LABARRE: Honestly, I can't answer that in full disclosure to compromise anything that we're seeing with any individual organization, but I do think that's a good question to ask as a CISO of any organization when you see something coming in. Unfortunately, it does take a fair amount of resources now to combat some of these DDoS attacks. ... I would absolutely wonder if that's not a play that's basically getting me to look in one area and allowing some other things to come through.
That being said, what we're looking at is more mature. We're looking at a lot of the financial services institutions out there. They have disciplined and comprehensive programs that I wouldn't be as worried about. ... Now, when I get to smaller organizations, or I get to sectors like healthcare that haven't traditionally had the investment, any noise in the system's going to be a distraction. It could open up another door.
CHABROW: If you do the proper risk assessment, that could prevent you from being distracted by some of this noise out there, right?
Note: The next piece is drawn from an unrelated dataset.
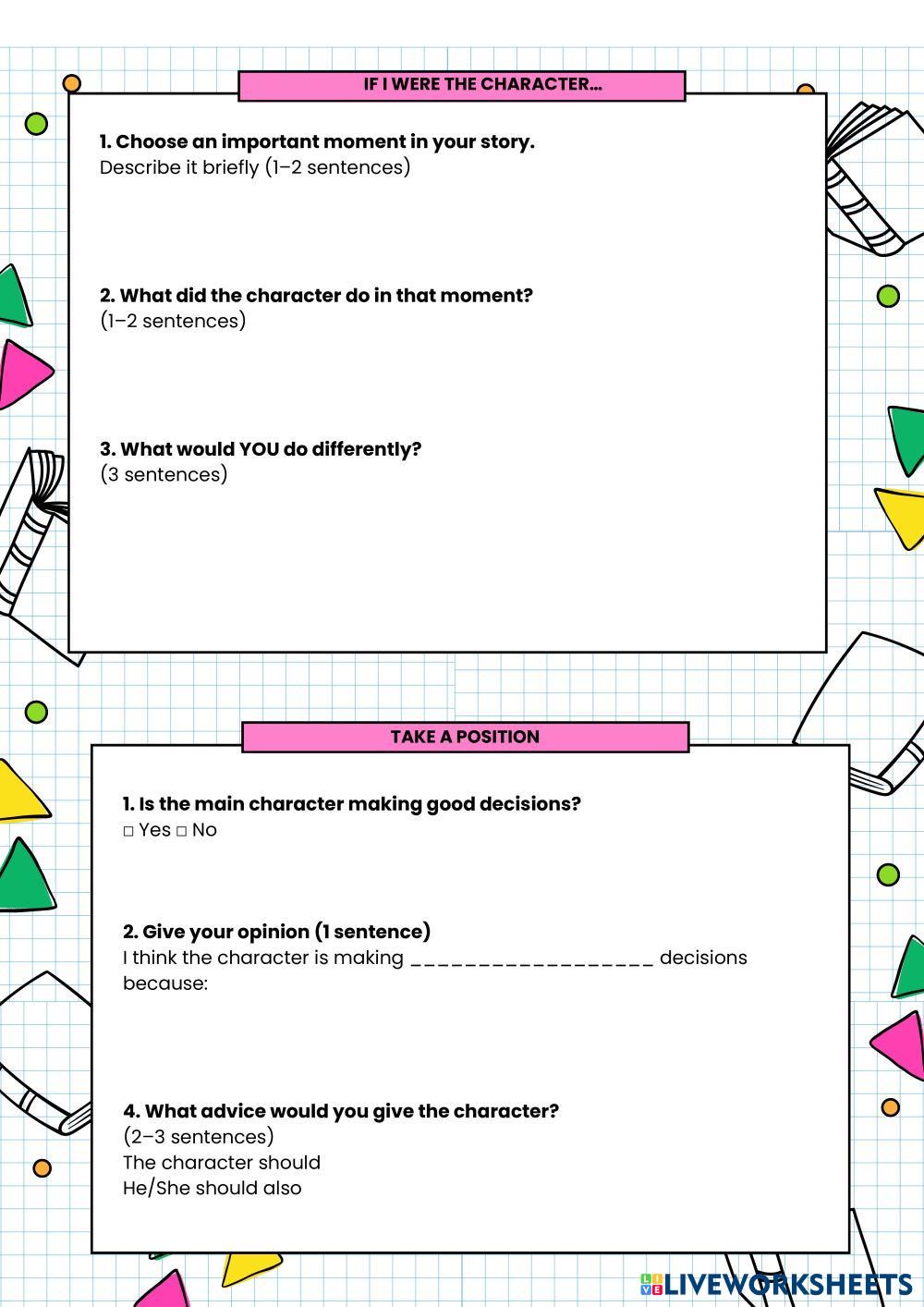 Created byCaroline Alcalá ESL English A2 (Básico) Escritura English Instrucciones del autor Complete the following worksheet taking into account the events you have read in your book My Google Classroom Courses × 0 classes selected (0 students total) Quick Access Select all classes (0 classes) All Classes Loading courses... Cancelar Share Share to selected Course __COURSE_NAME__ __STUDENT_NAME__ (__STUDENT_EMAIL__) Reading Plan Descargar Worksheet Validation Comprobar mis respuestas Emails my answers to my teacher Nombre completo Group/level Asignatura Teacher's email or key code Close Submit Validating worksheet... (12) Your answers have been sent to your teacher. Good luck! OK We encountered an error submitting your answers. Please try again. OK Anuncio | Ir sin anuncios Created byCaroline Alcalá ESL English A2 (Básico) Escritura English Instrucciones del autor Complete the following worksheet taking into account the events you have read in your book Explora las hojas de trabajo Basic Phrasal Verbs (with worksheet) ESL A2 Basic Phrasal Verbs (with worksheet) Writing - ESL Answer the questions about the basic phrasal verbs! TACN - Dược - On-going Test ESL A2 TACN - Dược - On-going Test Writing - ESL 6pts Open Up 6 Unit 4 Our Environment Review ESL A2 Open Up 6 Unit 4 Our Environment Review Writing - ESL Follow the instructions The Animals in English ESL A2 The Animals in English Writing - ESL de acuerdo al numero que corresponda el animal escribe su nombre

LABARRE: That's a great question. Actually, you can take the lessons learned from what financial services has been doing the last couple of years and essentially not waste your time. I go back to getting away from the mentality of a perimeter defense, getting away from a myopic focus on just looking at vulnerabilities. Be smart about what you're doing. Focus on the intelligence out there that tells you where you could be attacked. Look at the attack itself and figure out how to protect that. You can do it a lot less expensively than financial services has done traditionally in the past.